Мой муж был настолько педантичным и заботливым, что мне иногда хотелось завыть от скуки. Каждое утро и каждый вечер он интересовался, как я себя чувствую и внимательно слушал мои ответы, как будто бы я могла сказать что-то другое, кроме «у меня все в порядке». Все девять месяцев ему и в голову не пришло не задать мне этот вопрос хотя бы раз или не ждать моего ответа с таким волнением в глазах. Айя запретил мне ходить на рынок и стал сам делать покупки. Сначала приходил с несвежей рыбой, серым мясом и испорченными овощами. Но после нескольких неудачных походов и холодного приема с моей стороны он познакомился на базаре с приличными продавцами. После этого начал приходить домой с рыбой, которая еще утром плавала в озере, зрелыми сочными фруктами и мясом, какое мне и самой не всегда удавалось найти.

Однажды он вернулся домой с каким-то странным фруктом под названием дуриан. Я никогда до этого не видела фрукта, покрытого такими устрашающими длинными шипами. Муж рассказал мне, что если дуриан упадет на голову человека, то может его убить. И я поверила его словам — настолько эти колючки были внушительными. Муж аккуратно очистил его, сняв кожуру. Внутри оказалась мякоть с семенами. Я с первого раза влюбилась в специфический вкус этой золотистой мякоти. Мне даже нравился его непривычный запах, который, по воспоминаниям одного из известных английских писателей, одновременно напоминал запах свежего малинового бланманже и уборной. Я могла за один раз съесть пять или шесть таких фруктов.

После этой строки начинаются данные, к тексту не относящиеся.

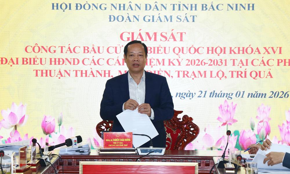 Phát biểu kết luận, Phó Chủ tịch HĐND tỉnh Nghiêm Xuân Hưởng đánh giá cao sự chủ động, nghiêm túc của các địa phương trong triển khai công tác bầu cử đại biểu Quốc hội và đại biểu HĐND các cấp nhiệm kỳ 2026 - 2031. Đồng chí yêu cầu các phường Thuận Thành, Mão Điền, Trạm Lộ và Trí Quả tiếp tục quán triệt và tổ chức thực hiện nghiêm các quy định của của Trung ương, của tỉnh về công tác bầu cử. Chủ động rà soát toàn bộ quy trình bầu cử phân công rõ người, rõ việc, rõ tiến độ, rõ trách nhiệm, bảo đảm các khâu, các bước được triển khai đúng luật, đúng trình tự. Đẩy mạnh công tác thông tin, tuyên truyền về bầu cử, chú trọng hình thức tuyên truyền phù hợp với từng nhóm đối tượng, địa bàn, nhằm tạo sự đồng thuận xã hội. Tổ chức tốt các hội nghị hiệp thương lần thứ 2, thứ 3, xác định cơ cấu, thành phần và số lượng người được giới thiệu ứng cử, bảo đảm đúng quy trình, tính đại diện, cân đối hợp lý giữa các lĩnh vực, giới tính, độ tuổi, thành phần xã hội theo quy định.

К восьмому месяцу беременности я чувствовала себя настолько некомфортно, что с постели вставала очень и очень осторожно и часто спала в приятной прохладе на скамье, которая так и стояла на кухне. Через открытое окно черная как смоль малайская ночь ласкала меня своими тяжелыми и влажными прикосновениями. Время от времени заходил муж и, напряженно всматриваясь, спрашивал, как я себя чувствую. Именно в такие ночи я корила себя за раздражение на мужа и говорила себе, что он действительно хороший человек.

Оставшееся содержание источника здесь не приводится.